Since the start in 2017, the research presented on this blog has been unfunded, and made possible by the hospitability of the Vije Universiteit Amsterdam. But things have been changing. The exciting research findings of the past four years have made us more hungry and more ambitious. Also, the focus has shifted from a pure open science ambition towards a more inclusive science. Breaking down barriers between the university and the public: citizen science! (of course continuing as much as possible with the principles for Open Kitchen Science)

To this end, we started a foundation to strengthen this aim together with Wilbert Sybesma and Remco Kort. It was beautifully designed by Michelle Haak. https://crispatus.org/

When ZonMW (Netherlands Organization for Health Research and Development) announced the Citizen Science for Health and Care (CS4GZ) program I was immediately excited. This would give us a chance to finally involve ‘normal’ interested women to learn and study their own vaginal physiology. But more importantly it would allow us to move forward with our plans to develop a probiotic to modify the vaginal microbiome. We wanted to work with a group of donors who were aware and involved, who had ownership of the product and the research and development process in all stages: citizen scientists!

A first workshop was held in September at Micropia, facilitated by a workshop-voucher by ZonMW. Find the article on their website (Dutch) https://www.zonmw.nl/nl/actueel/nieuws/detail/item/workshopvouchers-zo-besteed-je-ze/?utm_source=linkedin&utm_medium=nieuws&utm_campaign=lsh

Since in this project we will work with a larger group of industrial partners, researchers and citizen scientists, unfortunately we will not be able to share all plans, agreements, contracts and datasets that belong to the project. But of course we will continue sharing as much as possible, also on REBLAB.

On November 9th we will apply with a consortium of partners, including several consortium partners. Fingers crossed!!!

Update

Lots of progress at the Reblab front! I have uploaded several datasets/slides and reports to Figshare and will give s hort introduction here:

First, we have a very interesting finding around Gardnerella amylase activity. Leon Steenbergen has finalized his masters thesis this summer and I presented some of his most important findings and some of our own in a presentation during the LAB symposium. Find the slides here.

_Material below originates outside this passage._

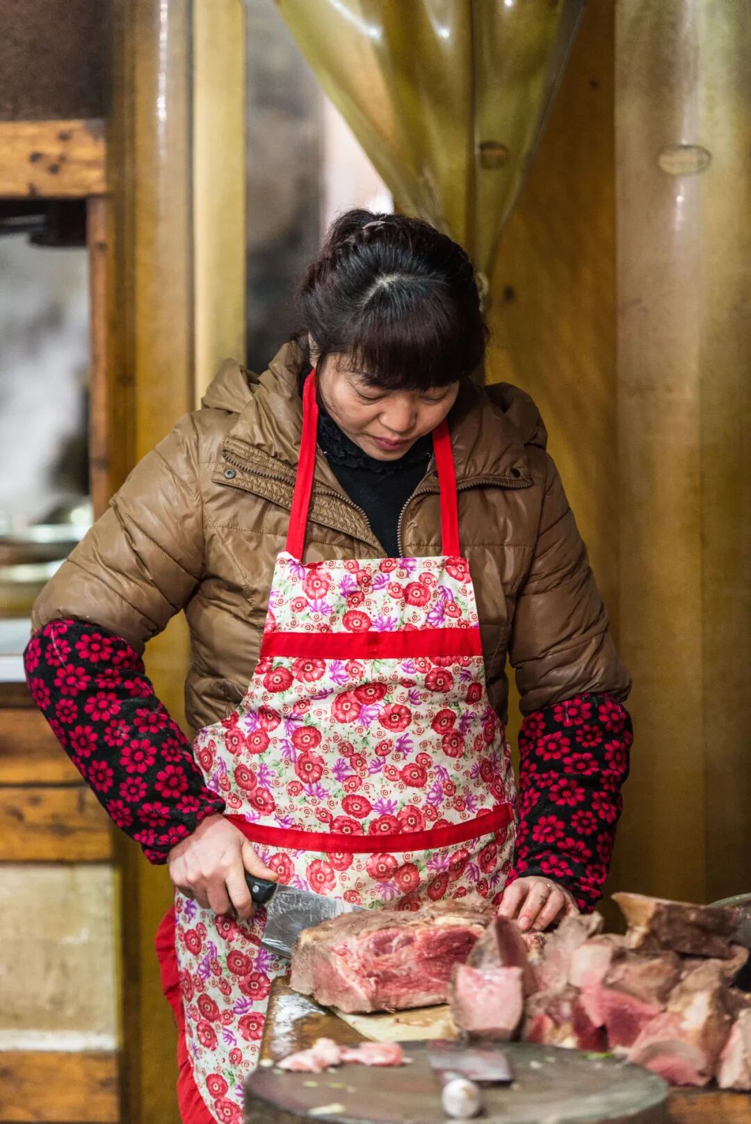 图为店家在熟练地分割牛肉。

Next, I finally managed to finalize the first retrospective data analysis together with the Helius study cohort which unfortunately leaded to a negative result. Previously I have shared the research proposal. Below find the FigShare link to the results report (negative results) + statistics (thanks Douwe Molenaar)! and of course thanks to the Helius group including Henrike van Galenkamp – van der Ploeg, Marieke Snijder, Maria Prins and Koos Zwinderman.

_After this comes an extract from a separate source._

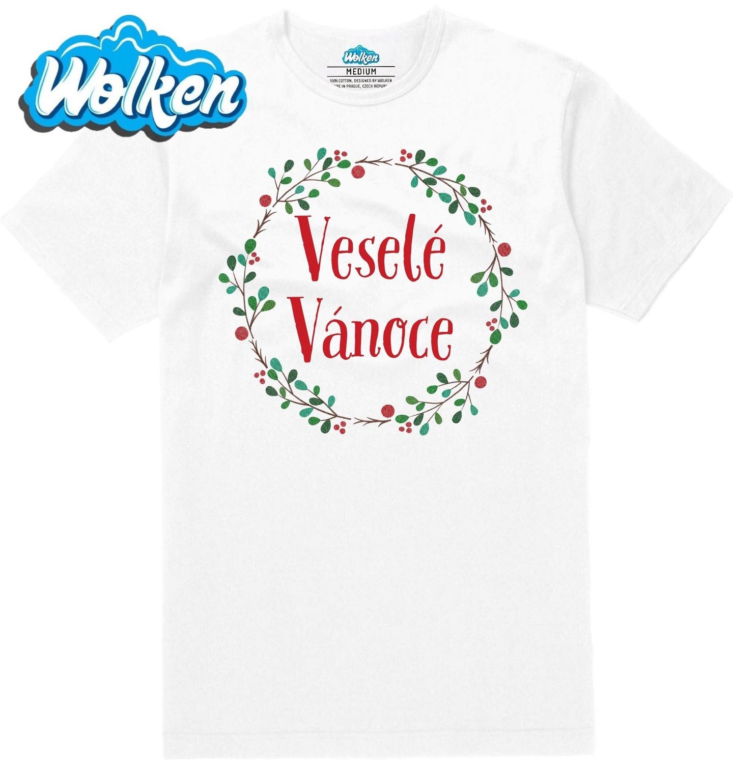 Pánské tričko Tradiční České Veselé Vánoce. Vánoce jsou časem radosti, klidu a návratu k tradicím. Tento motiv s přáním „Veselé Vánoce“ je zasazený do nádherného věnce z větviček, lístků a bobulek v přírodních tónech červené a zelené. Ideální pro všechny, kteří milují jemné, rustikální vánoční motivy s nádechem elegance a přírody.

Gardnerella vaginalis glycogen metabolism – findings from the internship of Alexander Woudstra

Happy new year everyone! To start this year off I would like to share the work of Alexander Woudstra, a 2nd year master student at the Vrije Universiteit Amsterdam. As part of his internship he has studied glycogen metabolism of the vaginal bacterial species Lactobacillus crispatus and Gardnerella vaginalis. This host-derived glycan is the most abundant vaginal carbohydrate source and thought of as vital as a acarbon and energy source.

Previously, Deborah Jekel and Ritesh Panchoe carried out growth experiments with L. crispatus and G.vaginalis on glucose and glycogen. They noticed that in the presence of glucose, L. crispatus does not break down glycogen . Furthermore, a putative pullulanase type I gene was identified in L. crispatus strains that is involved in breakdown of glycogen. Lastly, it was shown that G. vaginalis has a longer lag phase when grown on either glucose or glycogen.

Alexander further studied growth of these species on glycogen and glucose, looking specifically at lag phase, and preferred carbon source when presented with both glucose and glycogen. He also studied inhibition of growth by the alpha-glycosidase inhibitor acarbose, which inhibited growth on glycogen of both Gardnerella and Lactobacillus but also – surprisingly- showed inhibiton of Gardnerella growth on glucose.

Find his full thesis here. We wish Alexander all the best on his future steps!

Hypothesis regarding the association of the vaginal microbiome and success rates in fertility treatment.

I have recently been reading about the role of the vaginal microbiota and fertility. Multiple reports have now emerged that the microbiome affects succes rates in fertility treatment. Women colonized by lactobacilli seem to have higher success rates when using artificial reproductive techniques such as in vitro fertilization treatment.

One of the papers showing this is this recent publication by the people behind https://artpred.com/ who use an alternative technique for microbiome analysis (IS-PRO) and find low Lactobacillus to be unfavourable for pregnancy outcomes.

Next question is of course: How does this work? What is the mechanism?

There are lots of possible answers coming from immunological, endocrine and gynaecological perspective that will all have some grain of truth. The vaginal microbiome may be a secondary outcome of a host endocrine factor which may result both in lowered Lactobacillus colonization as well as reduced fertility.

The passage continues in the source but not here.